Computations are distributed in parallel by range. Data subsets are extracted and manipulated (MAP) and optionally combined (REDUCE) across all files.

Usage

## S4 method for signature 'GRanges,ANY'
reduceByRange(ranges, files, MAP, 
    REDUCE, ..., summarize=FALSE, iterate=TRUE, init)
## S4 method for signature 'GRangesList,ANY'
reduceByRange(ranges, files, MAP, 
    REDUCE, ..., summarize=FALSE, iterate=TRUE, init)
## S4 method for signature 'GenomicFiles,missing'
reduceByRange(ranges, files, MAP, 
    REDUCE, ..., summarize=FALSE, iterate=TRUE, init)

reduceRanges(ranges, files, MAP, REDUCE, ..., init)

Arguments

`ranges`	A `GRanges`, `GrangesList` or `GenomicFiles` object. A `GRangesList` implies a grouping of the ranges; `MAP` is applied to each element of the `GRangesList` vs each range when `ranges` is a `GRanges`. When `ranges` is a `GenomicFiles` the `files` argument is missing; both ranges and files are extracted from the object.
`files`	A `character` vector or `List` of filenames. A `List` implies a grouping of the files; `MAP` is applied to each element of the `List` vs each file individually.
`MAP`	A function executed on each worker. The signature must contain a minimum of two arguments representing the ranges and files. There is no restriction on argument names and additional arguments can be provided. `MAP = function(range, file, ...)`
`REDUCE`	An optional function that combines output from the `MAP` step. The signature must contain at least one argument representing the list output from `MAP`. There is no restriction on argument names and additional arguments can be provided. `REDUCE = function(mapped, ...)` Reduction combines data from a single worker and is always performed as part of the distributed step. When `iterate=TRUE` `REDUCE` is applied after each `MAP` step; depending on the nature of `REDUCE`, iterative reduction can substantially decrease the data stored in memory. When `iterate=FALSE` reduction is applied to the list of `MAP` output applied to all files / ranges. When `REDUCE` is missing, output is a list from `MAP`.
`iterate`	A logical indicating if the `REDUCE` function should be applied iteratively to the output of `MAP`. When `REDUCE` is missing `iterate` is set to FALSE. This argument applies to `reduceByRange` only (`reduceRanges` calls MAP a single time on each worker). Collapsing results iteratively is useful when the number of records to be processed is large (maybe complete files) but the end result is a much reduced representation of all records. Iteratively applying `REDUCE` reduces the amount of data on each worker at any one time and can substantially reduce the memory footprint.
`summarize`	A logical indicating if results should be returned as a `SummarizedExperiment` object instead of a list; data are returned in the `assays` slot named 'data'. This argument applies to `reduceByRange` only. When `REDUCE` is provided `summarize` is ignored (i.e., set to FALSE). A `SummarizedExperiment` requires the number of rows in `colData` and the columns in `assays` to match. Because `REDUCE` collapses the data across files, the dimension of the result no longer matches that of the original ranges.
`init`	An optional initial value for `REDUCE` when `iterate=TRUE`. `init` must be an object of the same type as the elements returned from `MAP`. `REDUCE` logically adds `init` to the start (when proceeding left to right) or end of results obtained with `MAP`.
`...`	Arguments passed to other methods. Currently not used.

Details

reduceByRange extracts, manipulates and combines ranges across different files. Each element of ranges is sent to a worker; this is a single range when ranges is a GRanges and may be multiple ranges when ranges is a GRangesList. MAP is invoked on each range / file combination. This approach allows ranges extracted from multiple files to be kept separate or combined with REDUCE.
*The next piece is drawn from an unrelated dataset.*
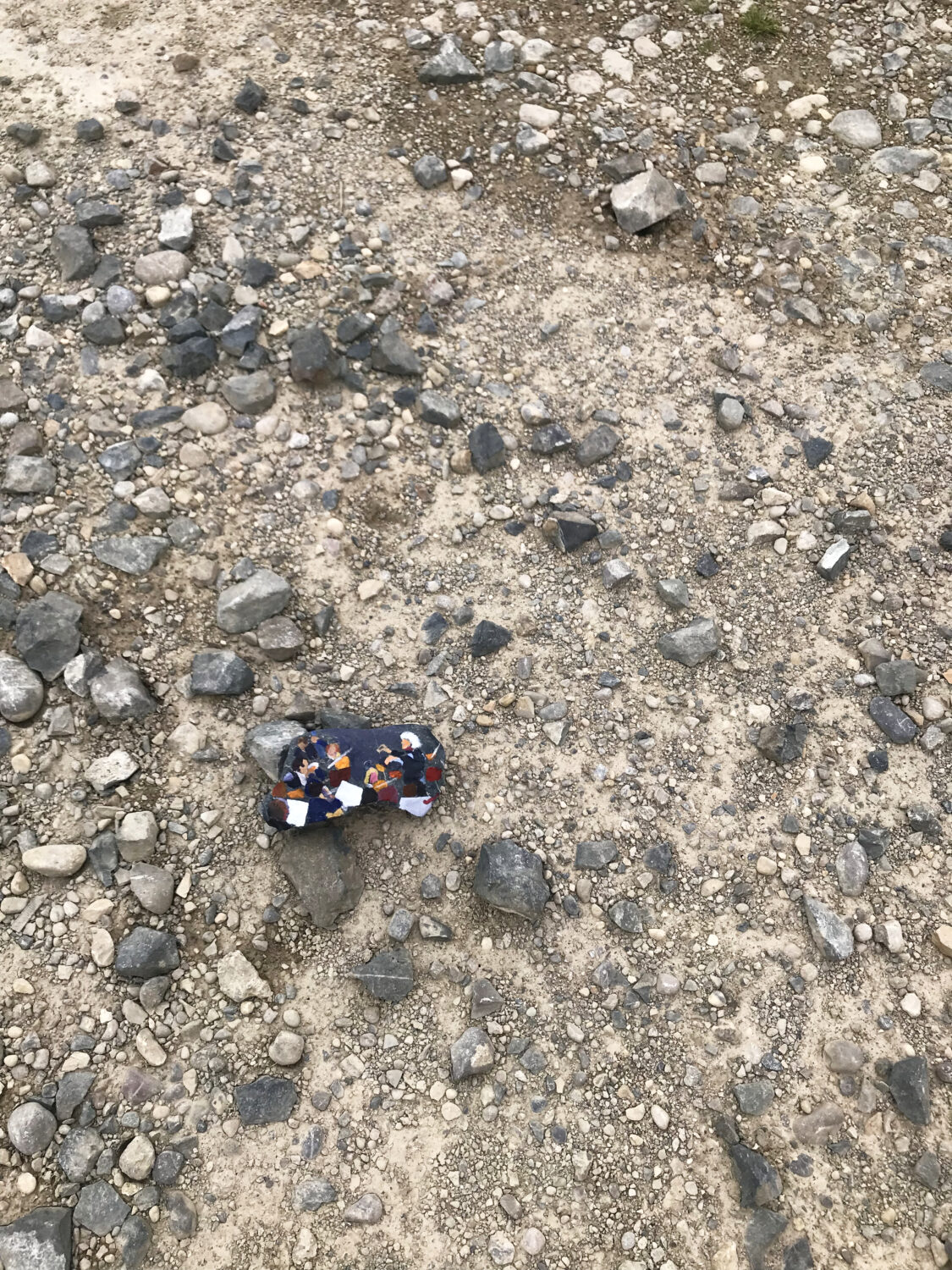 In dieser Situation kam mir die Idee, Material von der bislang ungenutzen Brachfläche mit den Visionen vom Orchesterklang zusammenzubringen. Ich sammelte also Steine verschiedener Größe und Art und malte darauf Bilder vom Symphonieorchester des Bayerischen Rundfunks. Sir Simon Rattle ist hier und da schemenhaft zu erkennen. Figuren, Klangkörper, gedämpftes Licht. Die körperhaften Steine schienen mir die ideale Projektionsfläche für die im Halbrund sitzenden Musiker zu sein. Und mit ihnen die immateriellen Wahrnehmungen von Klang und Raum. So sind 15 Steine mit abstrahierten Motiven entstanden. „Wenn Steine sprechen könnten“ erzählen sie nicht von dem, was sie schon alles gesehen haben, sondern davon, was eigentlich auf diesem Platz stattfinden könnte. Die bemalten Steine stellen die Umkehrung eines immersiven Erlebnisses dar: die große Klangwelt im Konzerthaus wird auf einen im Vergleich dazu winzigen Stein komprimiert.

In contrast, reduceRanges does not iterate through the individual files but instead treats them as a group. MAP is invoked once for each range using all files as the files argument. Depending on the nature of MAP, REDUCE may play a minor role by concatenating or unlisting results.
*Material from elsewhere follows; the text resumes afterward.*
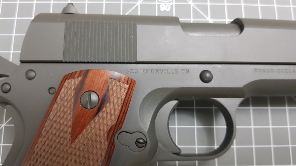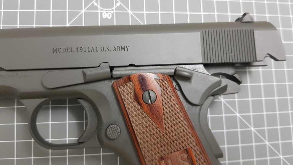 Colt 1991와는 달리 로고도 없고 글자도 작은데 각인이 흠잡을데 없이 깨끗하고 글꼴도 마음에 듭니다. 지금보니 스라이드멈치 도색이 매끈하지 않네요. 뭐 이정도는 애교로 봐줍니다.

Both MAP and REDUCE are applied in the distributed step (“on the worker“). There is no built-in ability to combine results across workers in the distributed step.

Value

reduceByRange: When summarize=FALSE the return value is a list or the value from the final invocation of REDUCE. When summarize=TRUE output is a SummarizedExperiment. When ranges is a GenomicFiles object data from rowRanges, colData and metadata are transferred to the SummarizedExperiment.
reduceRanges: A list or the value returned by the final invocation of REDUCE.

Author(s)

Martin Morgan and Valerie Obenchain

Examples


if (all(requireNamespace("RNAseqData.HNRNPC.bam.chr14", quietly=TRUE) &&
        require(GenomicAlignments))) {
  ## -----------------------------------------------------------------------
  ## Compute coverage across BAM files.
  ## -----------------------------------------------------------------------
  fls <-                                ## 8 bam files
      RNAseqData.HNRNPC.bam.chr14::RNAseqData.HNRNPC.bam.chr14_BAMFILES
  
  ## Regions of interest.
  gr <- GRanges("chr14", IRanges(c(62262735, 63121531, 63980327),
                width=214700))
  
  ## The MAP computes the coverage ...
  MAP <- function(range, file, ...) {
      requireNamespace("GenomicFiles", quietly=TRUE)
      ## for coverage(), Rsamtools::ScanBamParam()
      param = Rsamtools::ScanBamParam(which=range)
      GenomicFiles::coverage(file, param=param)[range]
  } 
  ## and REDUCE adds the last and current results. 
  REDUCE <- function(mapped, ...)
      Reduce("+", mapped)

  ## -----------------------------------------------------------------------
  ## reduceByRange:

  ## With no REDUCE, coverage is computed for each range / file combination.
  cov1 <- reduceByRange(gr, fls, MAP)
  cov1[[1]]
  
  ## Each call to coverage() produces an RleList which accumulate on the 
  ## workers. We can use a reducer to combine these lists either iteratively
  ## or non-iteratively. When iterate = TRUE the current result 
  ## is collapsed with the last resulting in a maximum of 2 RleLists on 
  ## a worker at any given time.
  cov2 <- reduceByRange(gr, fls, MAP, REDUCE, iterate=TRUE)
  cov2[[1]]
  
  ## If memory use is not a concern (or if MAP output is not large) the 
  ## REDUCE function can be applied non-iteratively. 
  cov3 <- reduceByRange(gr, fls, MAP, REDUCE, iterate=FALSE)
  
  ## Results match those obtained with the iterative REDUCE.
  cov3[[1]]

  ## When 'ranges' is a GRangesList, the list elements are sent to the
  ## workers instead of a single range as in the case of a GRanges.
  grl <- GRangesList(gr[1], gr[2:3])
  grl

  cov4 <- reduceByRange(grl, fls, MAP)
  length(cov4)          ## length of GRangesList
  elementNROWS(cov4)  ## number of files

  ## -----------------------------------------------------------------------
  ## reduceRanges:

  ## This function passes the character vector of all file names to MAP.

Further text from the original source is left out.